Why is there a need to bring together the communities of environmental, agricultural and human microbiome researchers?

EW: Most of the approaches that are used in human microbiome research actually got their start in environmental research. We’re talking about at least 15 years ahead of what had been done in the Human Microbiome Project for many of these approaches where you holistically look at entire microbial communities to identify all the players and their particular functions.

Microbiomes are extremely important to the health of the ecosystems. All of the functions that maintain nutrients and carbon balance are all because of the activities of microorganisms. If we extend this idea of microbes providing a healthy system, we can talk about agriculture and of course clinical implications.

JR: We liked the idea of having a platform for the environmental and human medical community to interact and share information, resources, techniques, anything that will benefit both communities. The two communities should be better integrated because they use the same tools, the same ecological principles. There’s been a big shift in the way people approach medicine now, looking at the microbiome not only to cure disease but also to maintain health –  I think that’s a big paradigm shift in medicine.


Why is open access coupled with efforts to improve reproducibility so important in this field of research?

EW: It is a young field and things are moving extraordinarily fast with regards to the technology. So much of the science is based on DNA sequencing and there is a new kit on the block among DNA sequencers probably every two years now. With this rapid move in technology, the best practices are moving at light speed. That’s another reason why having disclosure of approaches and methods is needed – all the way from collecting the sample through to analysing the sequence. There can be dozens and dozens of steps in that process, any number of which can influence the outcome. The lack of methodological detail has actually held back advancement in the field at times.


What is collaborative genomics and how does this fit into microbial research?

JR: Genomics is a big term, it means a lot of things, and at the end of the day genomics is a tool. This tool can be applied to so many fields of medicine and environmental sciences. We now have collaborations applying genomics with the nursing school, the dental school, the medical school – we even do things with the law school , studying the regulation of genomic information. Genomics is really becoming the glue that people can be attracted to.

We’ve been describing human microbiomes in many different ways up to ten or 15 years ago, and all of those ways were very broad and biochemical. Now we can go a step further and go into the genes, what the genes are doing, what the products of those genes are, and how and when they function. It’s something that wasn’t possible 20 years ago. Now we can bring all of those analytical tools together and genomics is really the next frontier.


Can you tell us about your research into the microbiome and the role a collaborative approach has to play?

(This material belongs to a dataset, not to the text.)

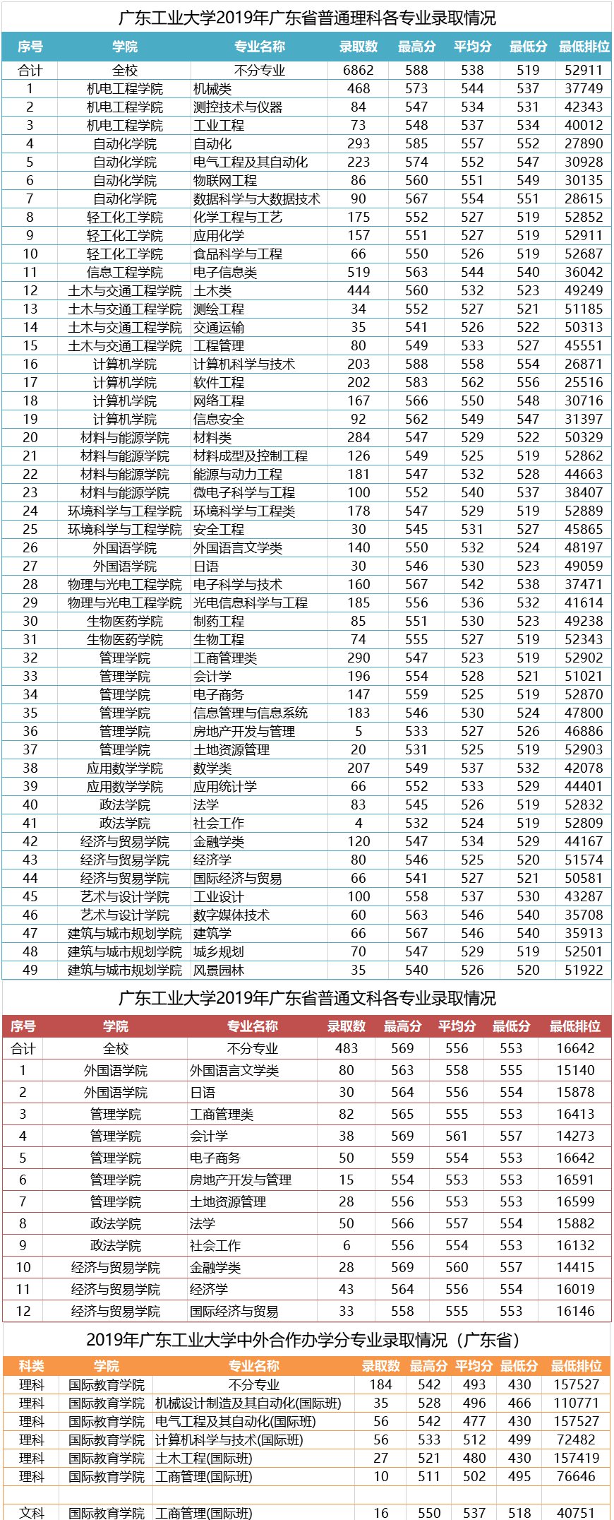 广东省2019年录取统计

JR: In my group we have projects that are mainly related to women’s health. For example, we study the effect of diet and the microbiome on preterm birth. That collaboration involved the school of nursing; nurses can have a lot of influence on changing the diets of the patient. You generate a lot of data when you enrol pregnant women and follow them all the time, filling out daily questionnaires throughout the pregnancy. That generates a huge dataset. You start to need bioinformaticianse and epidemiologists to sort through all of this data and extract relevant information. Now we have nursing, epidemiology, and OBGYN, and then genomics brings all three disciplines together. We study the microbiome, the human genome, and we follow the changes in the genes expressed in the microbiome and in the women as they go through pregnancy.

EW: My particular field of interest is in viruses, I’m a viral ecologist. It turns out that in most everywhere we’ve looked, viruses outnumber bacteria ten-fold to 6000-fold. We’re talking about astronomical numbers of viruses in natural systems. It turns out there are also astronomical numbers of viruses associated with the human body. Anywhere we find microorganisms, bacteria in particular, we will find viruses. Viruses play an intimate role in the ecology of these organisms – how they grow, how they die, and how they associate with one another. One of the projects Jacques Ravel and I have started, is to bring my expertise in dealing with samples and in analysing communities of viruses, to a question about bacterial vaginosis. It’s an enigmatic disease. There’s not really a single causative organism and so we’ll be looking at the possible role of bacteriophages. It is possible that viruses are infecting the good bacteria in the vagina, causing bad bacteria to take over, which then subsequently causes bacterial vaginosis. It’s a completely open question. We know virtually nothing of the viruses of lactobacillus, which are critical to vaginal health.


How can the scientific community make the most of the large quantities of microbiome data that are now being produced as a result of high throughput technologies?

EW: In genomics there is only one piece of metadata that really matters and that’s the biological taxonomy of the organism. We want to know what organism did this genome belong to. For a microbiome dataset the possibilities are endless as to what this really describes. In addition to rigorous reporting of methods, we want to also have extensive reporting of environmental or clinical metadata so that you can place all of this sequence data into its proper context. The utility of the sequence data increases tremendously when that metadata is more complete. I could say ‘My microbiome sample was from the Chesapeake Bay’ or I could say ‘It’s from the Baltimore inner harbour after a rainstorm in January’. The difference in those kinds of pieces of data is tremendous.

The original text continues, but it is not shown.